What is MLflow GenAI?
Article Overview
Quick Setup
Core RAG Metrics
- Faithfulness Evaluation
- Answer Relevance Evaluation
Running and Interpreting Results
- Comprehensive Evaluation with MLflow
- Viewing Results in MLflow Dashboard
Interpreting the Results
Next Steps

Build Production-Ready RAG Systems with MLflow Quality Metrics

How do you know if your AI model actually works? AI model outputs can be inconsistent – sometimes providing inaccurate responses, irrelevant information, or answers that don’t align with the input context. Manual evaluation of these issues is time-consuming and doesn’t scale as your system grows.
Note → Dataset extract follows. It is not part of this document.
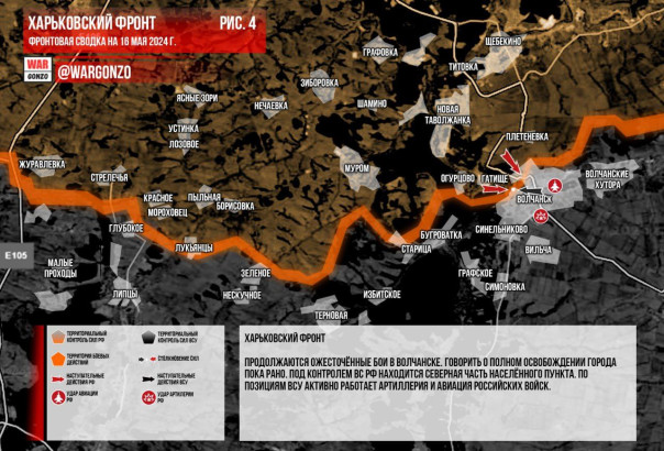 Харьковский фронт. Продолжаются ожесточённые бои в Волчанске. Говорить о полном освобождении города пока рано. Под контролем ВС РФ находится северная часть населённого пункта. По позициям ВСУ активно работает артиллерия и авиация Российских войск. (Рис. 4) Источник

MLflow for GenAI solves this problem by automating evaluation across two critical areas:

Faithfulness: Ensuring responses match retrieved context
Answer Relevance: Verifying outputs address user questions

This article teaches you to implement these evaluations and systematically improve your AI system’s performance.

What is MLflow GenAI?

MLflow is an open-source platform for managing machine learning lifecycles – tracking experiments, packaging models, and managing deployments. Traditional MLflow focuses on numerical metrics like accuracy and loss.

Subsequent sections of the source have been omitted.